[Extracted records]
>>
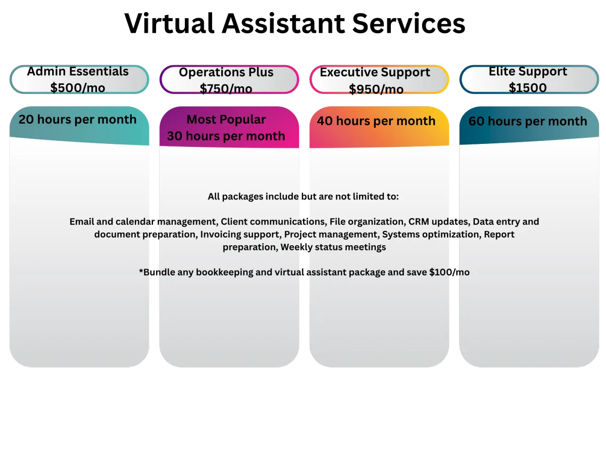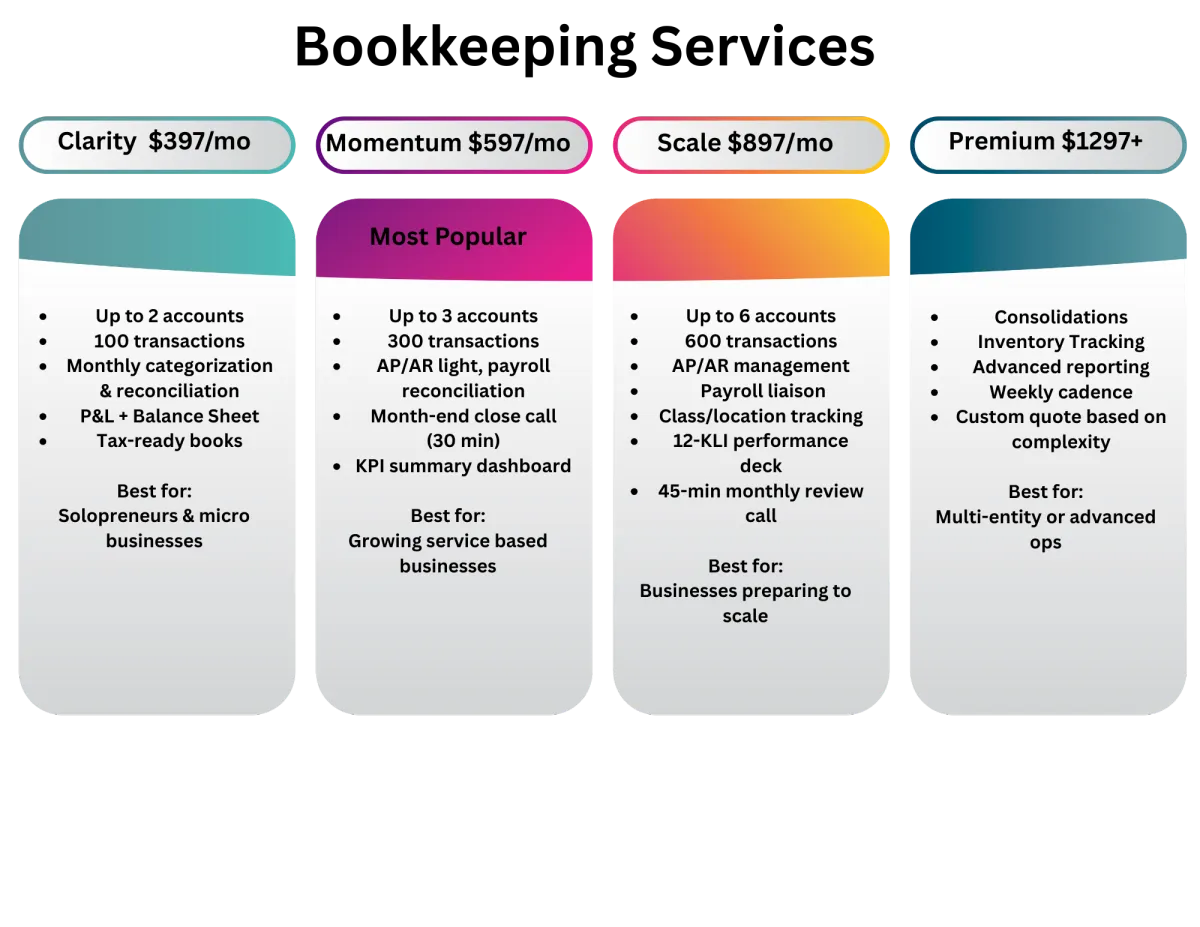 Add-ons: Bill pay $200+, Invoicing $200+, Expedited close $150, Additional entity $250+, Cleanup: $3000+, Quickbooks Setup $1000
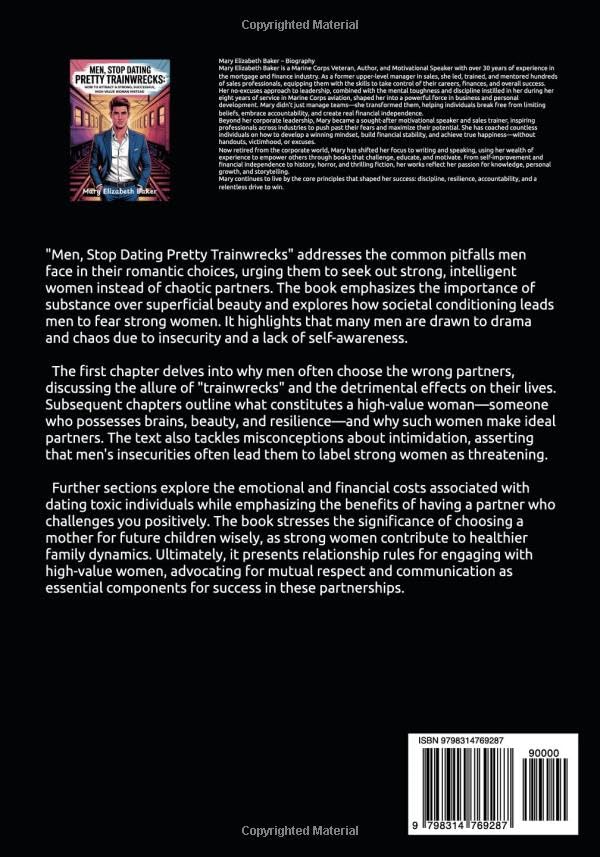 "Men, Stop Dating Pretty Trainwrecks" addresses the common pitfalls men face in their romantic choices, urging them to seek out strong, intelligent women instead of chaotic partners. The book emphasizes the importance of substance over superficial beauty and explores how societal conditioning leads men to fear strong women. It highlights that many men are drawn to drama and chaos due to insecurity and a lack of self-awareness.
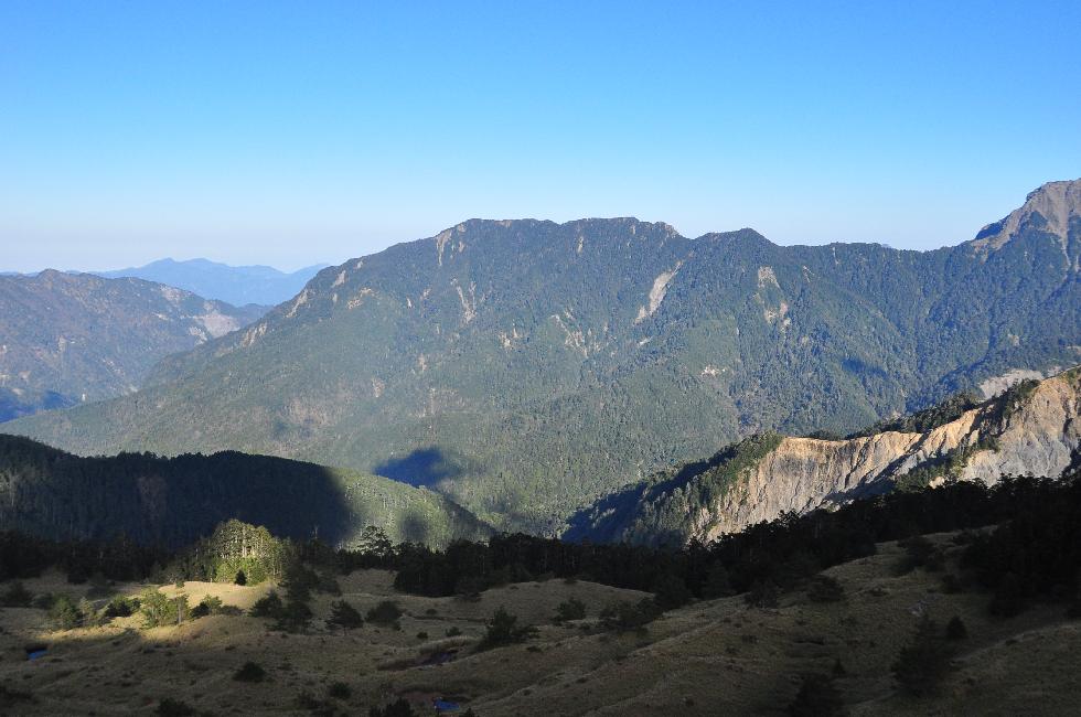 順著草坡往三角點續行,右前方可見屏風山頭,不過三角點還在那些山頭的最後面。途中展望奇佳,美景連連,北可見無明山和中央尖山雄偉的崩壁,南望奇萊北峰,峰頂如戟插天。向東連接,奇萊東稜由南向北依序為太魯閣大山、帕托魯山和立霧主山,以及座落在立霧溪流域的太魯閣七雄等名山皆羅列在前。而距離三角點前約50公尺處,有一眺望合歡群峰之絕佳展望點,除了合歡群峰之外,甚至連更遠的聖稜線及雪山西稜皆清楚可見。
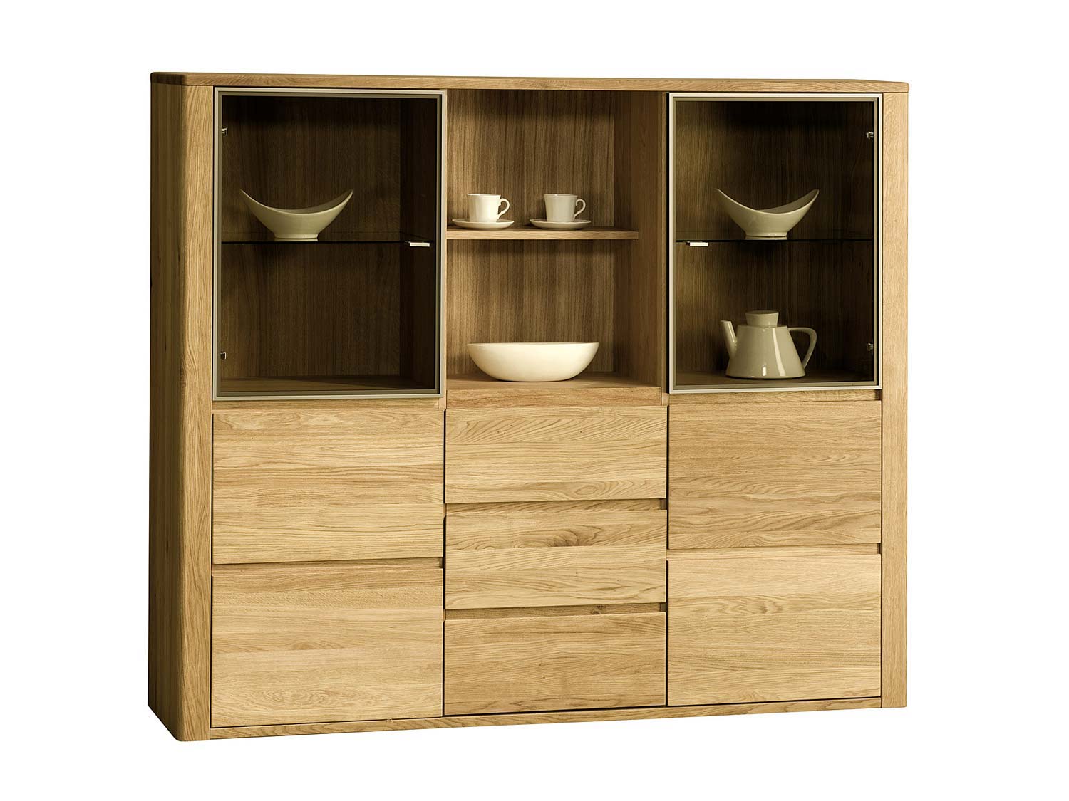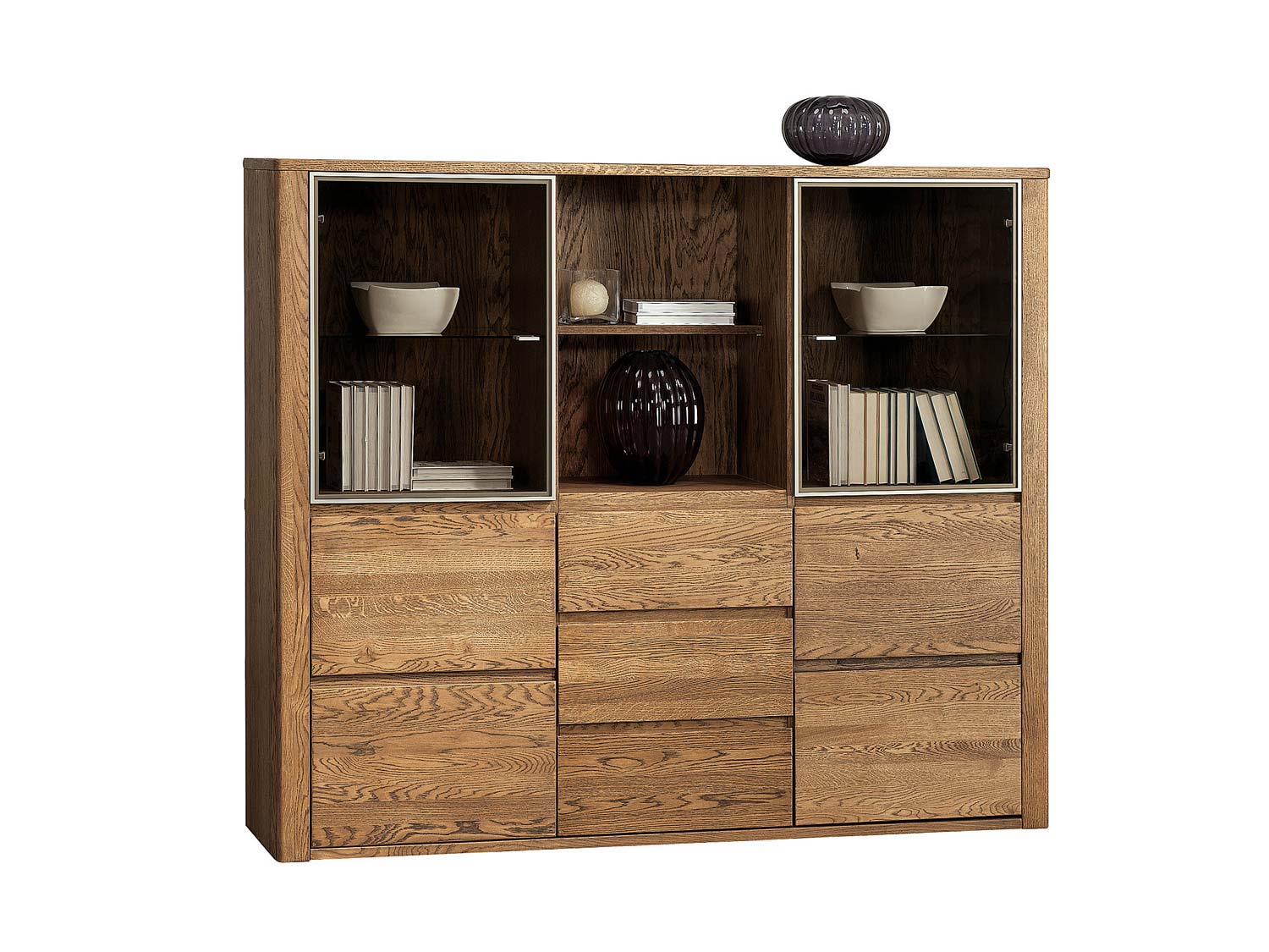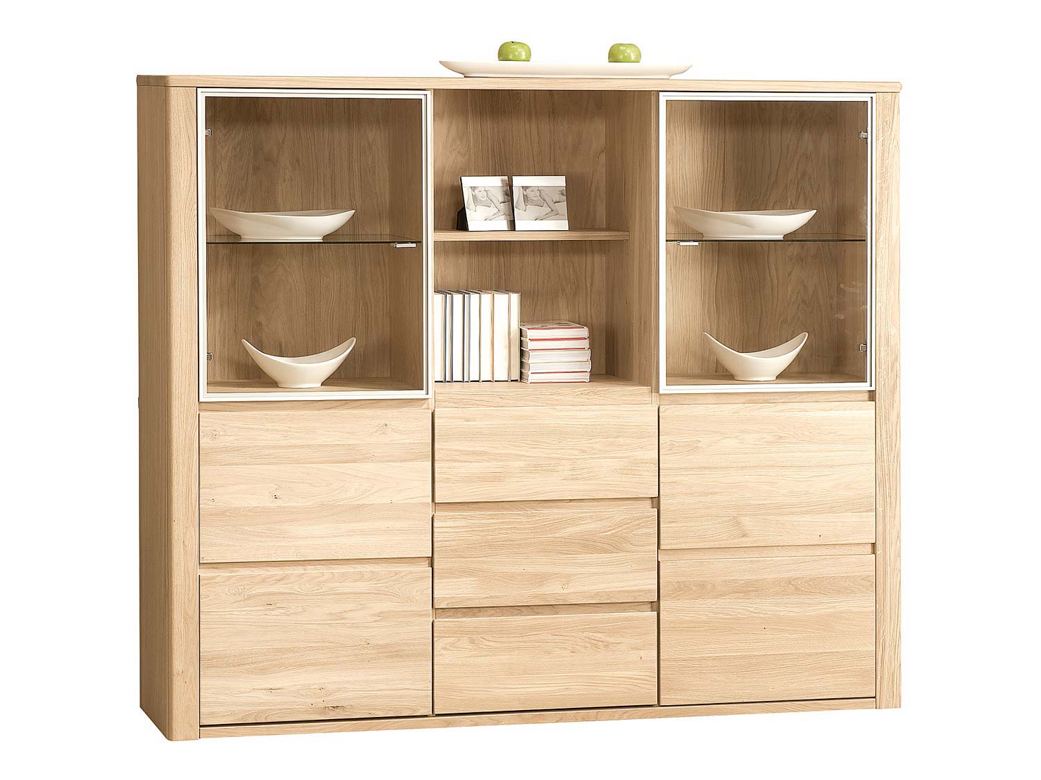 Kredens wyróżnia się możliwością wyboru wybarwienia, co pozwala idealnie dopasować go do indywidualnych preferencji aranżacyjnych. Wersja Bursztyn oferuje szczotkowane drewno z wyraźnie wyczuwalną strukturą porów i słojów, natomiast warianty Natura i Bianco zachwycają gładką, olejowaną lub woskowaną powierzchnią. Zastosowanie litego drewna na frontach oraz naturalnej okleiny dębowej na korpusie zapewnia spójność estetyczną oraz wysoką odporność na codzienne użytkowanie.
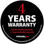 2 lata standardowej gwarancji + 2 lata rozszerzonej gwarancji po zarejestrowaniu produktu w przeciągu 6 miesiącu od zakupu na stronie: PROEL - przejdź do strony
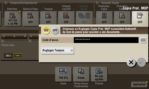 [Code d'accès] | Entrez le mot de passe pour interdire la copie. | |
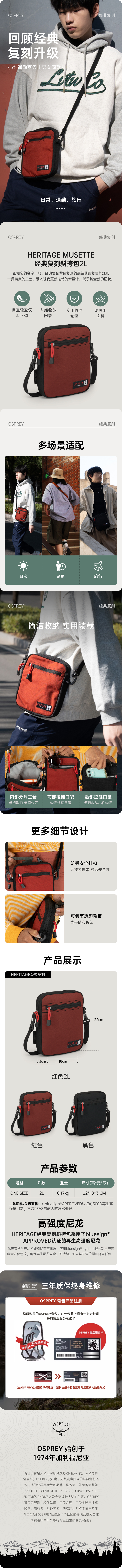 OSPREY 经典复刻斜挎包2L城市单肩通勤休闲便携旅行随身包
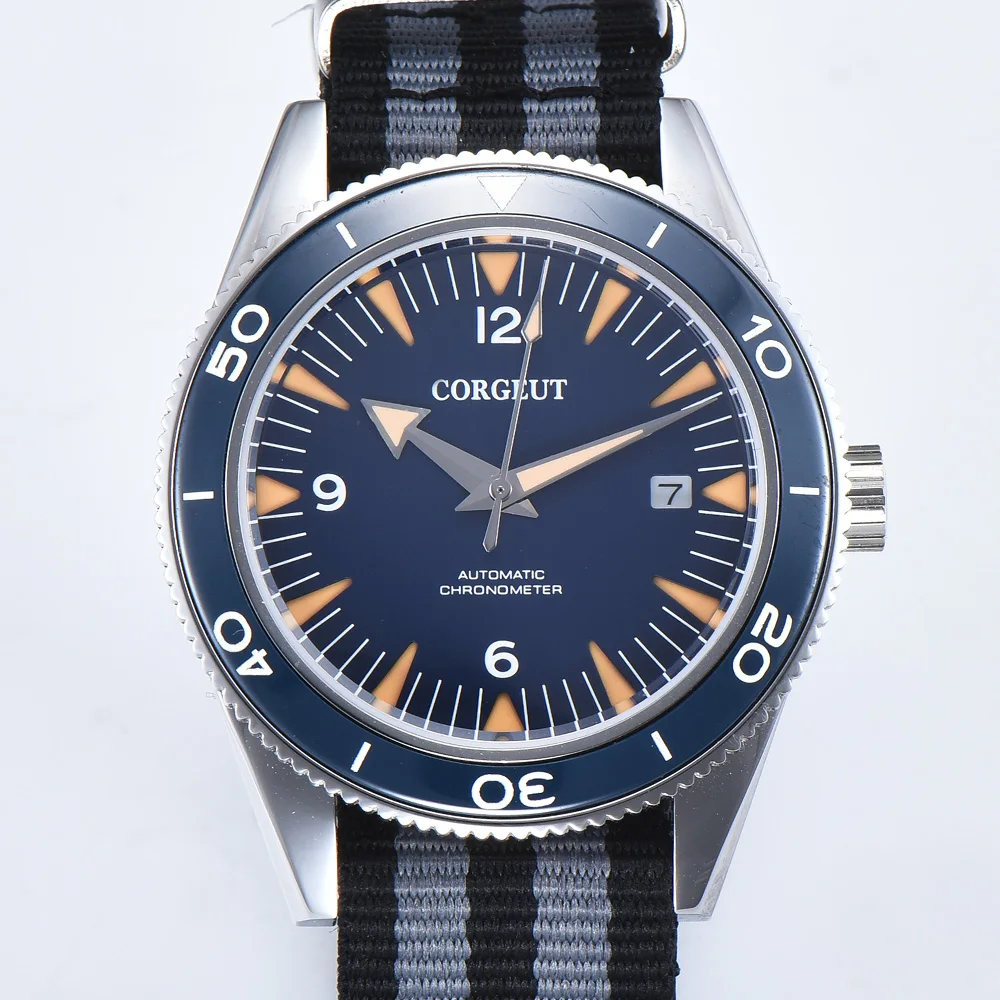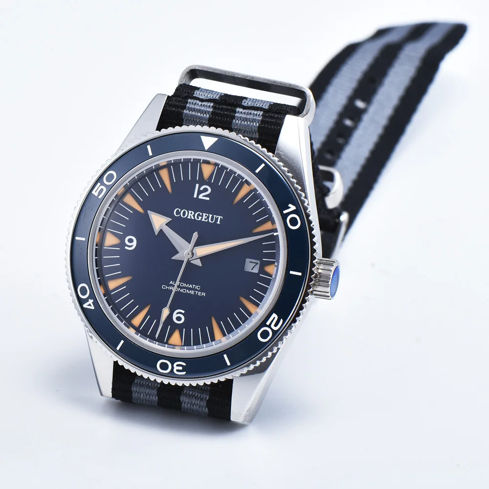 Бренд: Corgeut Механизм: Miyota8215 автоматический механизм Диаметр корпуса: 41 мм без короны Толщина: 15 мм Ширина ремешка: 20 мм Цвет циферблата: синий циферблат Ободок: синий керамический ободок Материал корпуса: корпус из нержавеющей стали 316L Браслет: тканевый ремешок, как показано Переднее стекло: сапфировое стекло Задняя часть корпуса: см. Тип застежки: цветная стальная пряжка Водонепроницаемость: 10 АТМ
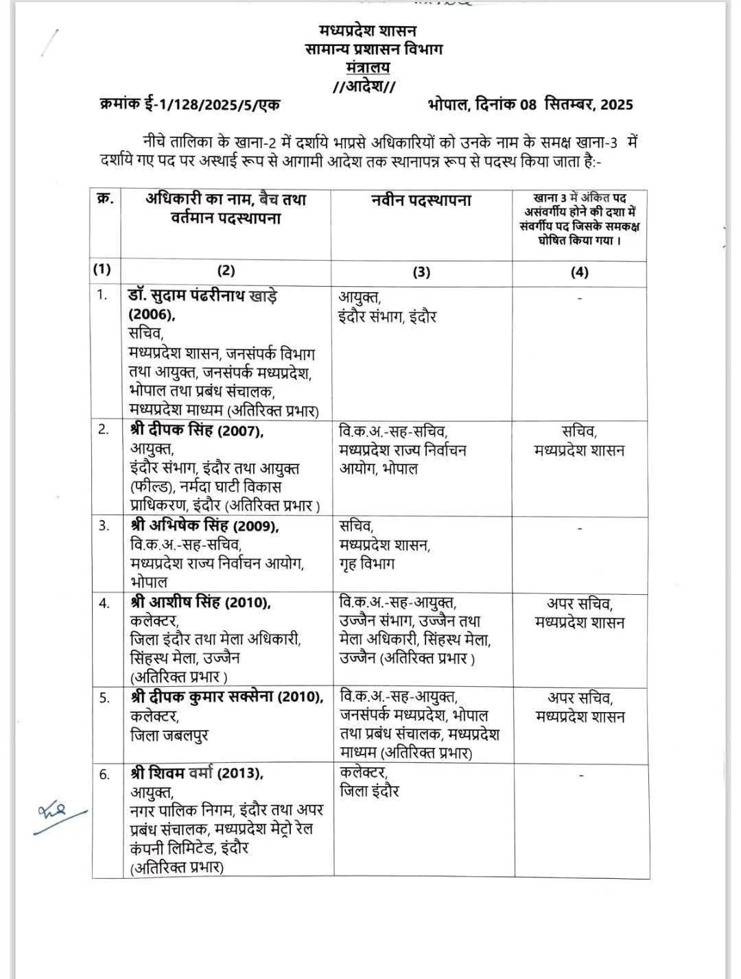 scn news india कलेक्टर सहित दर्जन भर से ज्यादा IAS अफसरों के तबादले September 9, 2025 scnnewsindia.com Scn News Indiaब्यूरो रिपोर्टकलेक्टर सहित दर्जन भर से ज्यादा IAS के हुए तबादले
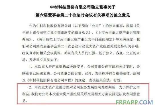 關(guān)于失敗原因,中材科技的公告中提到,獨(dú)立董事認(rèn)為本次重大資產(chǎn)重組方案對(duì)整合后公司業(yè)務(wù)發(fā)展影響難以判斷,為了保護(hù)公司利益,對(duì)本次重組方案投出反對(duì)票。
<<
• [Task item] Write out again, exactly, each line from the one with "OSPREY 经典复刻斜挎包2L城市单肩通勤休闲便携旅行随身包" to the end of the entries. No pictures go in.

• [Finished task]
 OSPREY 经典复刻斜挎包2L城市单肩通勤休闲便携旅行随身包
 Бренд: Corgeut Механизм: Miyota8215 автоматический механизм Диаметр корпуса: 41 мм без короны Толщина: 15 мм Ширина ремешка: 20 мм Цвет циферблата: синий циферблат Ободок: синий керамический ободок Материал корпуса: корпус из нержавеющей стали 316L Браслет: тканевый ремешок, как показано Переднее стекло: сапфировое стекло Задняя часть корпуса: см. Тип застежки: цветная стальная пряжка Водонепроницаемость: 10 АТМ
 scn news india कलेक्टर सहित दर्जन भर से ज्यादा IAS अफसरों के तबादले September 9, 2025 scnnewsindia.com Scn News Indiaब्यूरो रिपोर्टकलेक्टर सहित दर्जन भर से ज्यादा IAS के हुए तबादले
 關(guān)于失敗原因,中材科技的公告中提到,獨(dú)立董事認(rèn)為本次重大資產(chǎn)重組方案對(duì)整合后公司業(yè)務(wù)發(fā)展影響難以判斷,為了保護(hù)公司利益,對(duì)本次重組方案投出反對(duì)票。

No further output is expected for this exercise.